#### Exercise objective:
Could you give the data that follows again exactly, without its pictures?

*** Opening Supplied information ***

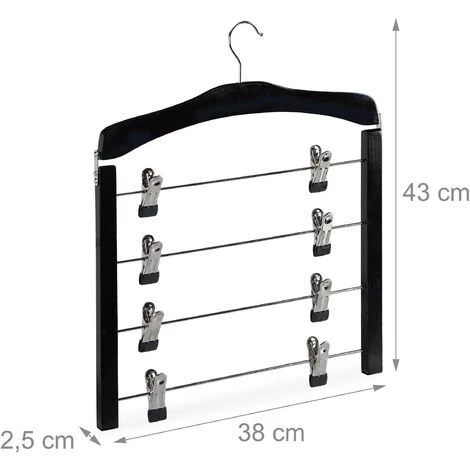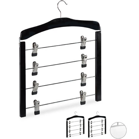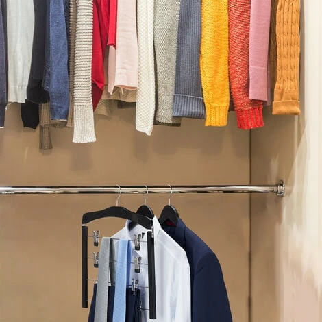 Non avete molto spazio nell’armadio, ma avete alcune gonne o pantaloni da conservare in maniera ordinata? Allora questo set da 3 grucce è proprio ciò che fa per voi. Ogni stampella dispone di 4 aste con 2 pinze ciascuna che si possono far scorrere o ruotare in base alle esigenze. Le pinze lavorate finemente hanno una presa stabile ed essendo gommate non lasciano alcuna traccia sui vostri capi. Grazie agli appendini per gonne con gancio girevole a 360° conserverete i vostri capi facilmente e senza sgualcirli.
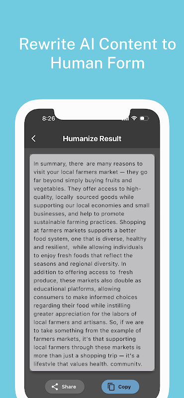 Converta seu conteúdo de texto gerado por IA em escrita autêntica e humana com Humanify – AI Humanize! Esteja você refinando documentos profissionais, criando conteúdo atraente ou verificando a influência da IA no texto, este aplicativo é o companheiro perfeito.
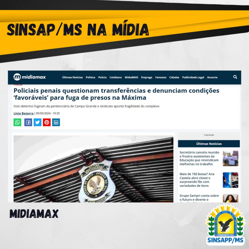 Por meio de nota enviada ao Jornal Midiamax, o sindicato expõe a fragilidade do complexo penal da Máxima. A entidade cita o aumento da jornada de trabalho, a sobrecarga dos policiais penais – com plantão de 11 agentes para cuidar de 7 mil detentos -, a localização da penitenciária e o motivo de detentos com históricos de tentativas de fugas serem transferidos para a Máxima.
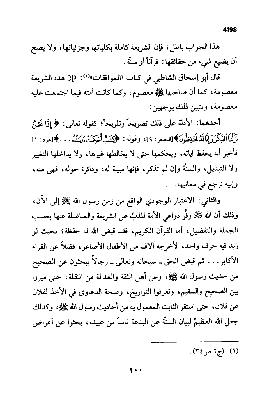 والثاني: الاعتبار الوجودي الواقع من زمن رسول الله - صلى الله عليه وسلم - إلى الآن، وذلك أن الله -عَزَّ وَجَلَّ- وفَّر دواعي الأمة للذبِّ عن الشريعة والمناضلة عنها بحسب الجملة والتفضيل، أما القرآن الكريم، فقد قيض الله له حفظة؛ بحيث لو زيد فيه حرف واحد، لأخرجه آلاف من الأطفال الأصاغر، فضلاً عن القراء الأكابر ... ثم قيض الحق -سبحانه وتعالى- رجالاً يبحثون عن الصحيح من حديث رسول الله - صلى الله عليه وسلم -، وعن أهل الثقة والعدالة من النقلة، حتى ميزوا بين الصحيح والسقيم، وتعرفوا التواريخ، وصحة الدعاوى في الأخذ لفلان عن فلان، حتى استقر الثابت المعمول به من أحاديث رسول الله - صلى الله عليه وسلم -، وكذلك جعل الله العظيمُ لبيان السنّة عن البدعة ناساً من عبيده، بحثوا عن أغراض

*** Closing Supplied information ***

#### Exercise response:
 Non avete molto spazio nell’armadio, ma avete alcune gonne o pantaloni da conservare in maniera ordinata? Allora questo set da 3 grucce è proprio ciò che fa per voi. Ogni stampella dispone di 4 aste con 2 pinze ciascuna che si possono far scorrere o ruotare in base alle esigenze. Le pinze lavorate finemente hanno una presa stabile ed essendo gommate non lasciano alcuna traccia sui vostri capi. Grazie agli appendini per gonne con gancio girevole a 360° conserverete i vostri capi facilmente e senza sgualcirli.
 Converta seu conteúdo de texto gerado por IA em escrita autêntica e humana com Humanify – AI Humanize! Esteja você refinando documentos profissionais, criando conteúdo atraente ou verificando a influência da IA no texto, este aplicativo é o companheiro perfeito.
 Por meio de nota enviada ao Jornal Midiamax, o sindicato expõe a fragilidade do complexo penal da Máxima. A entidade cita o aumento da jornada de trabalho, a sobrecarga dos policiais penais – com plantão de 11 agentes para cuidar de 7 mil detentos -, a localização da penitenciária e o motivo de detentos com históricos de tentativas de fugas serem transferidos para a Máxima.
 والثاني: الاعتبار الوجودي الواقع من زمن رسول الله - صلى الله عليه وسلم - إلى الآن، وذلك أن الله -عَزَّ وَجَلَّ- وفَّر دواعي الأمة للذبِّ عن الشريعة والمناضلة عنها بحسب الجملة والتفضيل، أما القرآن الكريم، فقد قيض الله له حفظة؛ بحيث لو زيد فيه حرف واحد، لأخرجه آلاف من الأطفال الأصاغر، فضلاً عن القراء الأكابر ... ثم قيض الحق -سبحانه وتعالى- رجالاً يبحثون عن الصحيح من حديث رسول الله - صلى الله عليه وسلم -، وعن أهل الثقة والعدالة من النقلة، حتى ميزوا بين الصحيح والسقيم، وتعرفوا التواريخ، وصحة الدعاوى في الأخذ لفلان عن فلان، حتى استقر الثابت المعمول به من أحاديث رسول الله - صلى الله عليه وسلم -، وكذلك جعل الله العظيمُ لبيان السنّة عن البدعة ناساً من عبيده، بحثوا عن أغراض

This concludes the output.